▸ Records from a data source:
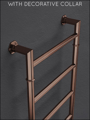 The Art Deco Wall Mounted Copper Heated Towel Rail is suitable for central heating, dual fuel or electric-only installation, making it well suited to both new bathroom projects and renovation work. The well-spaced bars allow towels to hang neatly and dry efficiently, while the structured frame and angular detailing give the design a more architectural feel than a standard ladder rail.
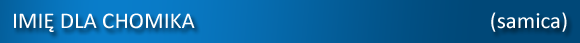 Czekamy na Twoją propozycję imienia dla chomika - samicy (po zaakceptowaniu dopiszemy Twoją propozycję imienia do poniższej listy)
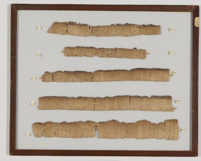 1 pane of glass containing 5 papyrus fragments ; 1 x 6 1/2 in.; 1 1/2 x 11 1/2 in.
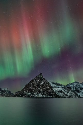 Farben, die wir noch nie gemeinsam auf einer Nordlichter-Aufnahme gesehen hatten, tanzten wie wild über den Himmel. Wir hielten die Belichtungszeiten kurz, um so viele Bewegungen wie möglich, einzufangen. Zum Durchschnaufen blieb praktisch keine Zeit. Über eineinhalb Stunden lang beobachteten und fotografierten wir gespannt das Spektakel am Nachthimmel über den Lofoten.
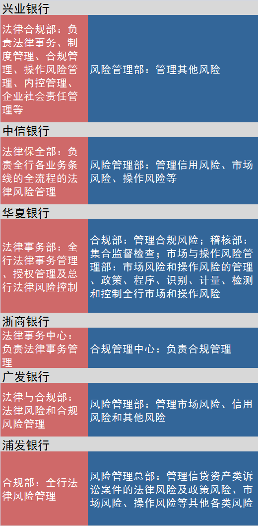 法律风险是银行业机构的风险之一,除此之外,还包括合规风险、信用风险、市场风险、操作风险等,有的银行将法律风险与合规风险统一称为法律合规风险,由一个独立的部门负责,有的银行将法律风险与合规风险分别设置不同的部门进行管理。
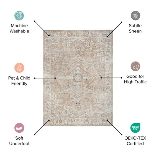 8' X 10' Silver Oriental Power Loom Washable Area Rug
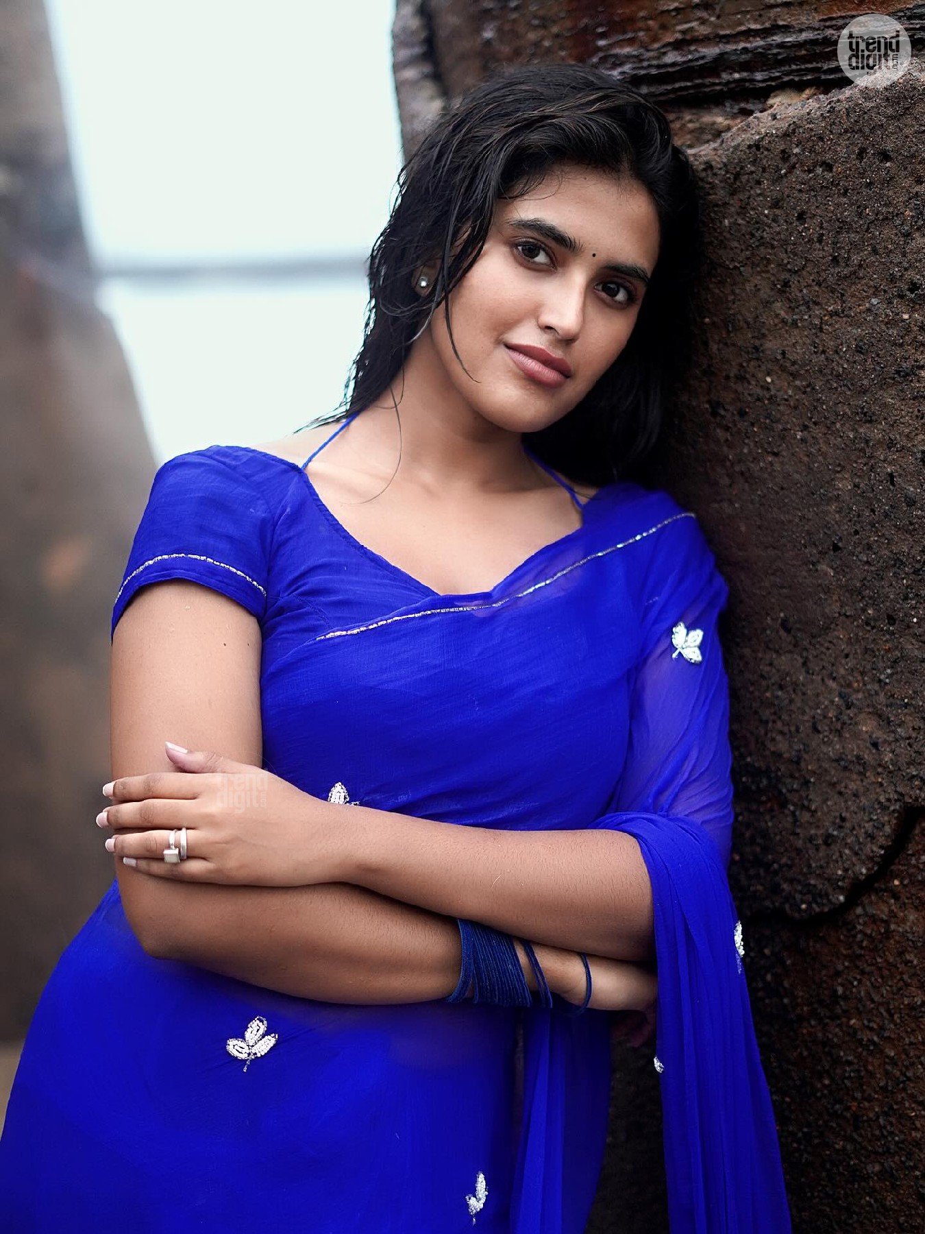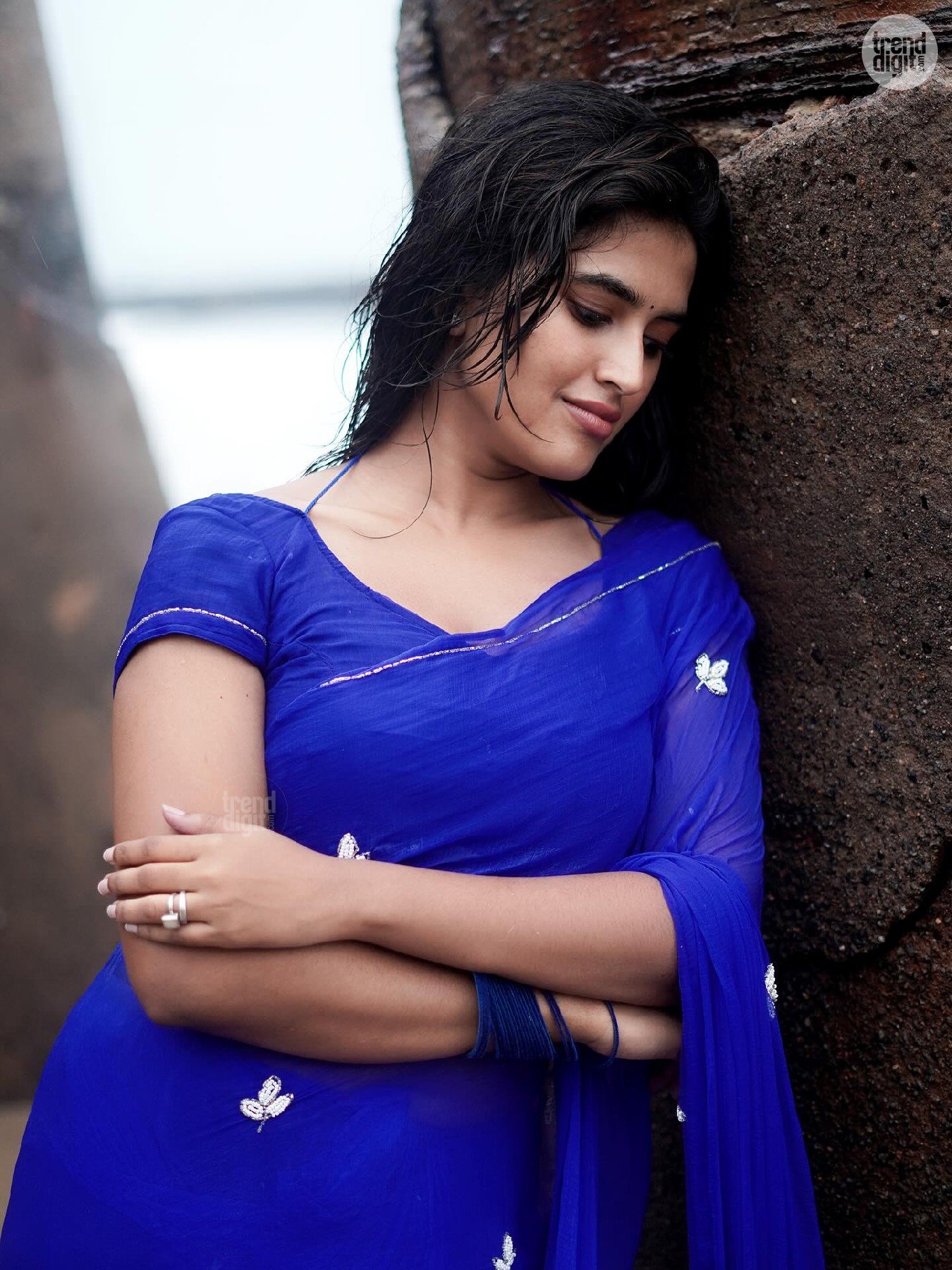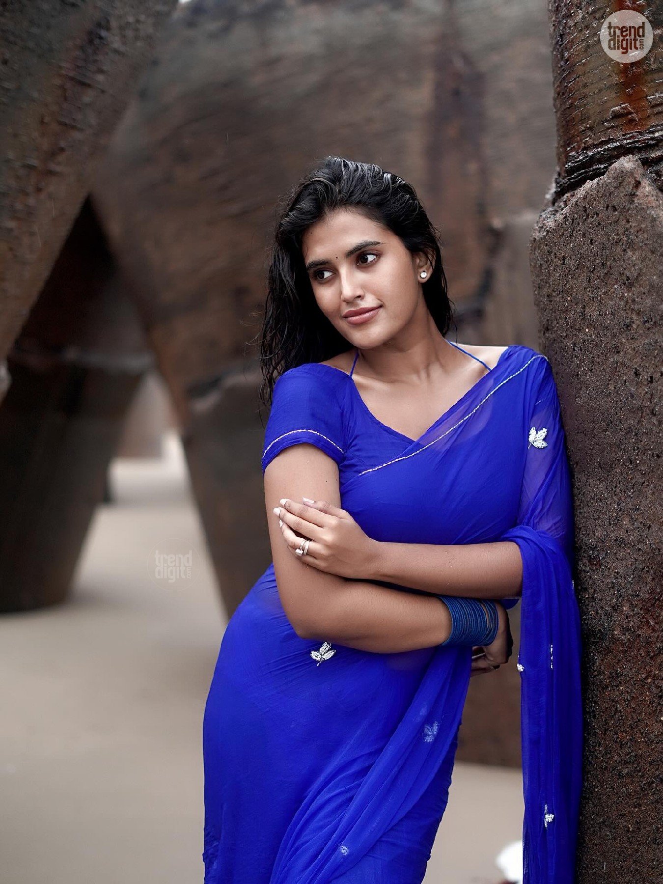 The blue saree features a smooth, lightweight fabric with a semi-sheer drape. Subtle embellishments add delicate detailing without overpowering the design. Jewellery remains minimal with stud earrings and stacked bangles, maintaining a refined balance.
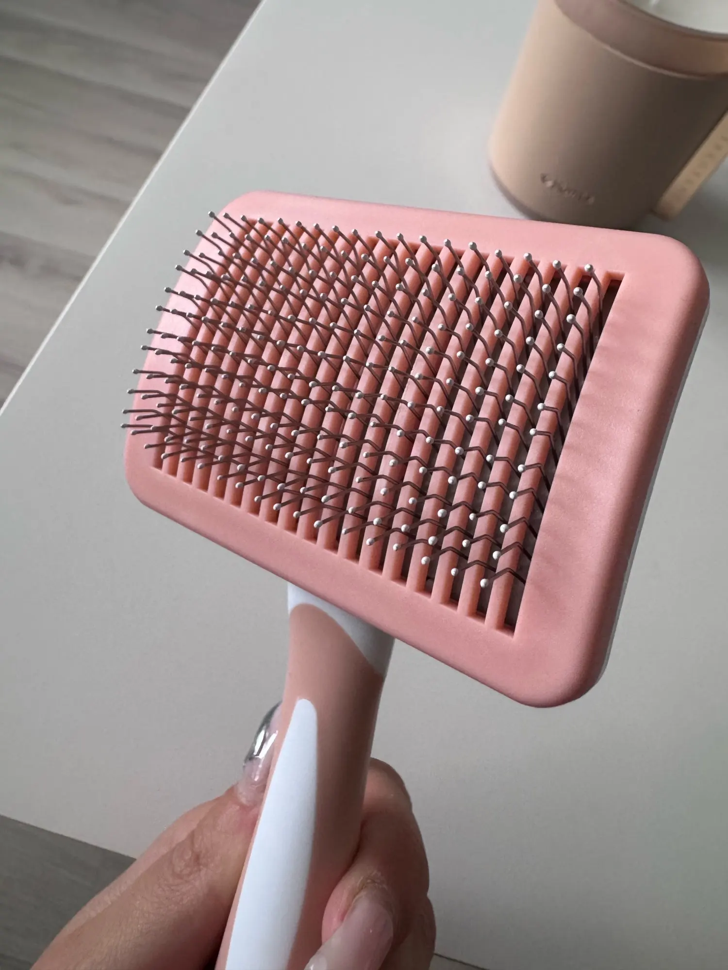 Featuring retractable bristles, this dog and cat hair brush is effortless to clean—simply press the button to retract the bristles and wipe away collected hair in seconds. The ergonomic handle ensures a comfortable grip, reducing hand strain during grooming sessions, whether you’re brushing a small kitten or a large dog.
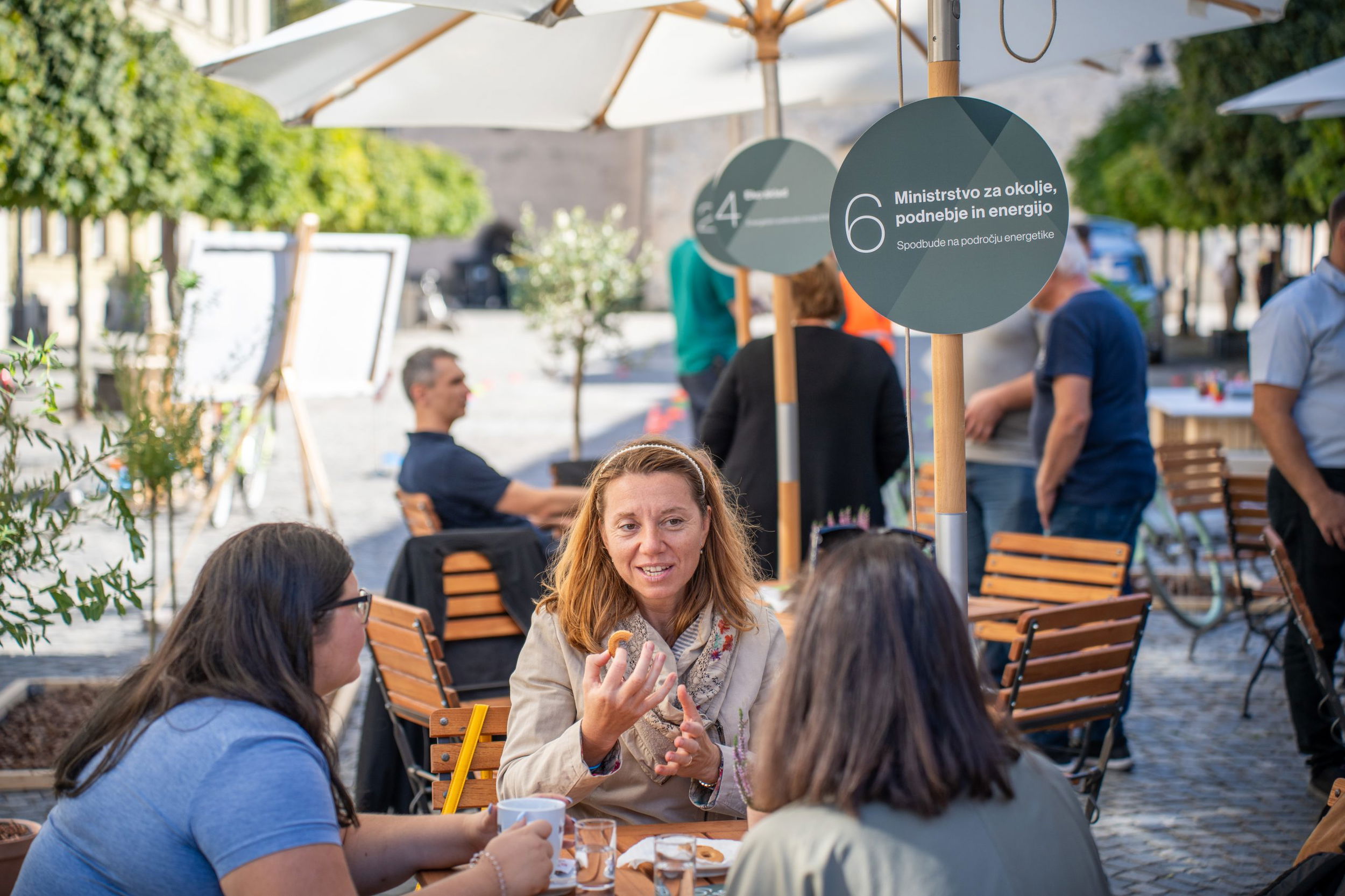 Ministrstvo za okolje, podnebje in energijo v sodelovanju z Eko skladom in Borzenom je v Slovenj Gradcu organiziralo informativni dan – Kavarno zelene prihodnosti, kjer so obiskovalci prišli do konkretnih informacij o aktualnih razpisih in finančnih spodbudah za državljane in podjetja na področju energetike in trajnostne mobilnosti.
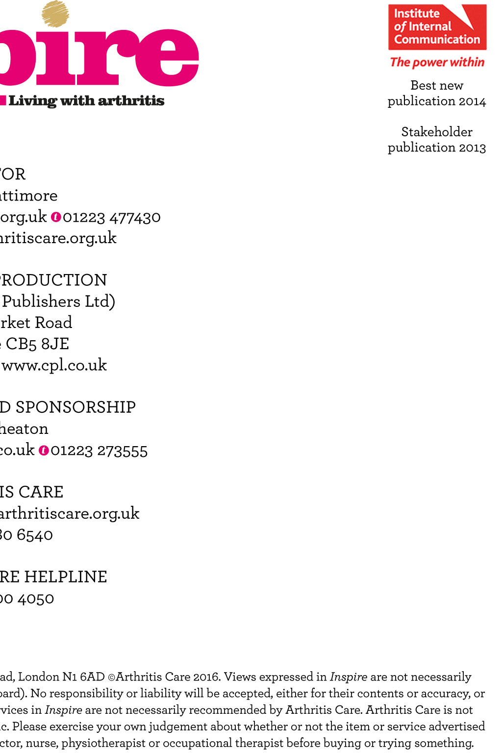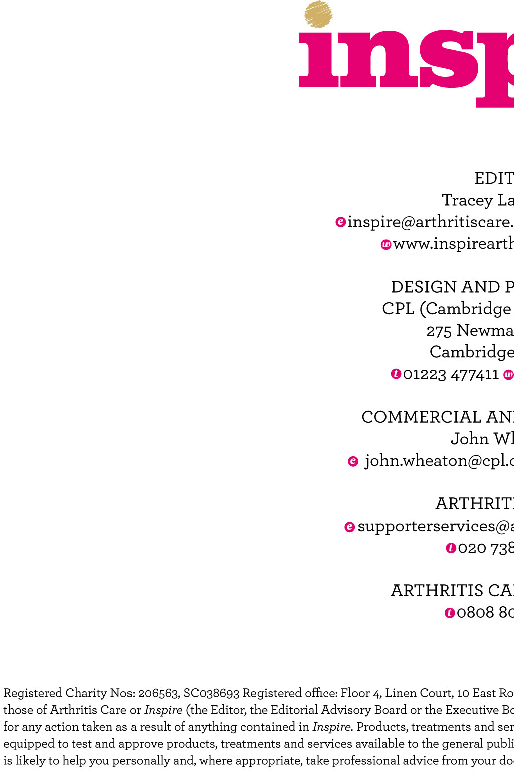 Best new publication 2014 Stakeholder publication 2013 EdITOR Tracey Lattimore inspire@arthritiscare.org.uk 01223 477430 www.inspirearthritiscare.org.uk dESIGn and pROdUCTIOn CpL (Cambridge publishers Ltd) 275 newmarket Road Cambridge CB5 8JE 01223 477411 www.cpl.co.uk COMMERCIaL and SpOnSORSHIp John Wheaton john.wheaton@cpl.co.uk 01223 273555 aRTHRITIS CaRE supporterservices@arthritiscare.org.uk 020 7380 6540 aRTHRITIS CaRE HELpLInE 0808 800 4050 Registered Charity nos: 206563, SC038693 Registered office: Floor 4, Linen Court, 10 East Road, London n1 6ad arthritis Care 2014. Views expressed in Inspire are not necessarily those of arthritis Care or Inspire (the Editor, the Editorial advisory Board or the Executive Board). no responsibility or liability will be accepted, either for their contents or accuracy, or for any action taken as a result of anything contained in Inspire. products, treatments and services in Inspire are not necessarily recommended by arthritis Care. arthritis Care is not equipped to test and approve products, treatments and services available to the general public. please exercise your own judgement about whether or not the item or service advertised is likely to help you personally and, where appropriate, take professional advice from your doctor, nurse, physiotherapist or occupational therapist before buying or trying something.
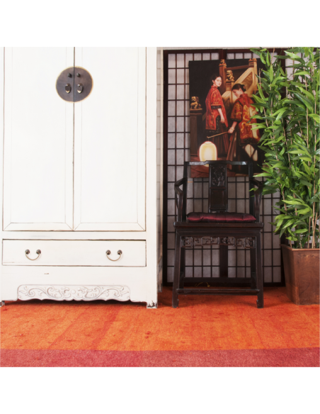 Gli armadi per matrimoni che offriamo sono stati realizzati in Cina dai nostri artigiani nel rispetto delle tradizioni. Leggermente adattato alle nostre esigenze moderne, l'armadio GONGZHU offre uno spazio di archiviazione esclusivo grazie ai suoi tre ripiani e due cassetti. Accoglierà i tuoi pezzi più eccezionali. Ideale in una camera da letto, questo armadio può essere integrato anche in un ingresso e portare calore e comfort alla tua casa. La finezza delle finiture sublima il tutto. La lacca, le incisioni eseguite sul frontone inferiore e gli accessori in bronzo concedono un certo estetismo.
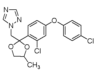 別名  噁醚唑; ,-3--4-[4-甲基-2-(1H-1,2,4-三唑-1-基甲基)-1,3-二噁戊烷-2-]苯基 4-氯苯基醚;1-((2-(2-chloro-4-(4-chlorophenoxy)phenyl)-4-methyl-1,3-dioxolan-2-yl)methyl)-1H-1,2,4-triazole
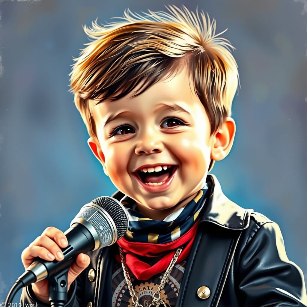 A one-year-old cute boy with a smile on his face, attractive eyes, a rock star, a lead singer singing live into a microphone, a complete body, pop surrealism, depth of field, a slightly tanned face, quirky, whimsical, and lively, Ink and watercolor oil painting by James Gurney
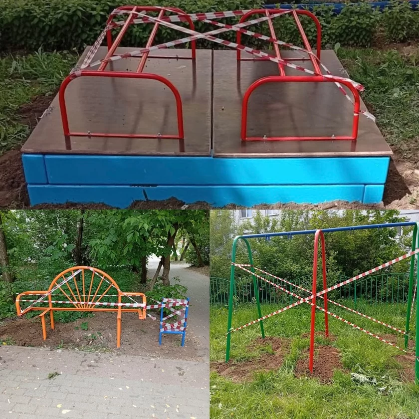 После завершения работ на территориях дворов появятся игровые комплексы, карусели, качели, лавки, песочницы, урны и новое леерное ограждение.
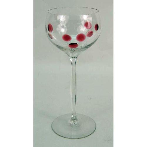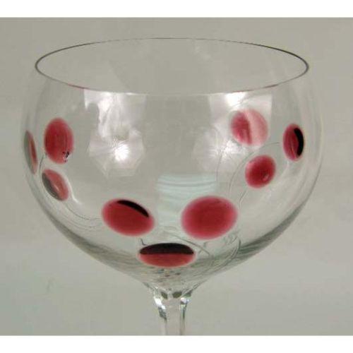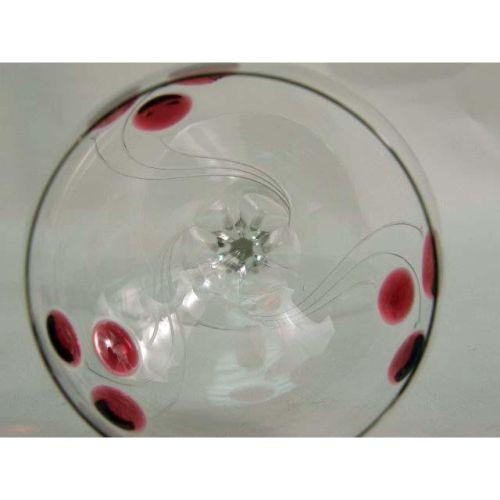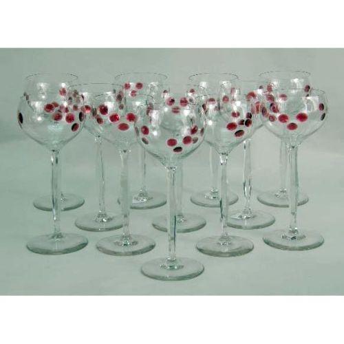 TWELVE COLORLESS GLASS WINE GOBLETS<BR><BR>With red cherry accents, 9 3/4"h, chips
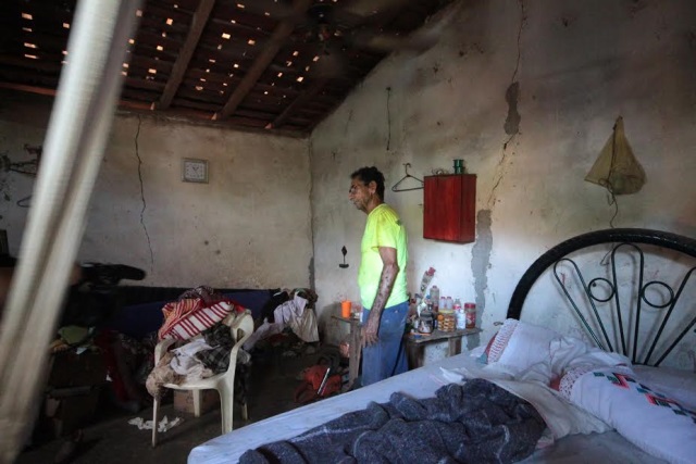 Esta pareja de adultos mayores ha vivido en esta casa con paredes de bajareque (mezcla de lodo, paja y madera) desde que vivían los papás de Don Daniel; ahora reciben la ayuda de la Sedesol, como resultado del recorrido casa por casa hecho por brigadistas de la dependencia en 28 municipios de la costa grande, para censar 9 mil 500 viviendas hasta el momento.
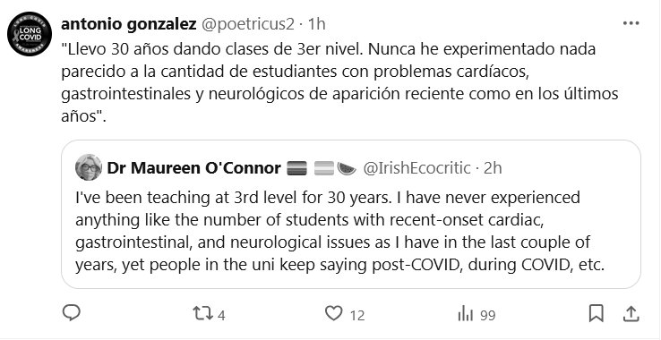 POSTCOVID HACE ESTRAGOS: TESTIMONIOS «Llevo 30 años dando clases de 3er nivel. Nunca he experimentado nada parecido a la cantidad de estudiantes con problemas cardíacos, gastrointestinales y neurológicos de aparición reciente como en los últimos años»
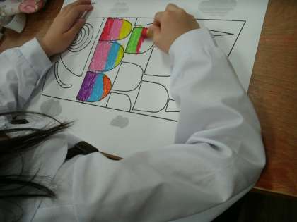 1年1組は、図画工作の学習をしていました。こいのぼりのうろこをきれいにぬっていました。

▸ Work instructions: Begin with the first line of the records and repeat every line up to the one with "法律风险是银行业机构的风险之", counting that line too. Pictures are not part of the copy.

▸ Your response:
 The Art Deco Wall Mounted Copper Heated Towel Rail is suitable for central heating, dual fuel or electric-only installation, making it well suited to both new bathroom projects and renovation work. The well-spaced bars allow towels to hang neatly and dry efficiently, while the structured frame and angular detailing give the design a more architectural feel than a standard ladder rail.
 Czekamy na Twoją propozycję imienia dla chomika - samicy (po zaakceptowaniu dopiszemy Twoją propozycję imienia do poniższej listy)
 1 pane of glass containing 5 papyrus fragments ; 1 x 6 1/2 in.; 1 1/2 x 11 1/2 in.
 Farben, die wir noch nie gemeinsam auf einer Nordlichter-Aufnahme gesehen hatten, tanzten wie wild über den Himmel. Wir hielten die Belichtungszeiten kurz, um so viele Bewegungen wie möglich, einzufangen. Zum Durchschnaufen blieb praktisch keine Zeit. Über eineinhalb Stunden lang beobachteten und fotografierten wir gespannt das Spektakel am Nachthimmel über den Lofoten.
 法律风险是银行业机构的风险之一,除此之外,还包括合规风险、信用风险、市场风险、操作风险等,有的银行将法律风险与合规风险统一称为法律合规风险,由一个独立的部门负责,有的银行将法律风险与合规风险分别设置不同的部门进行管理。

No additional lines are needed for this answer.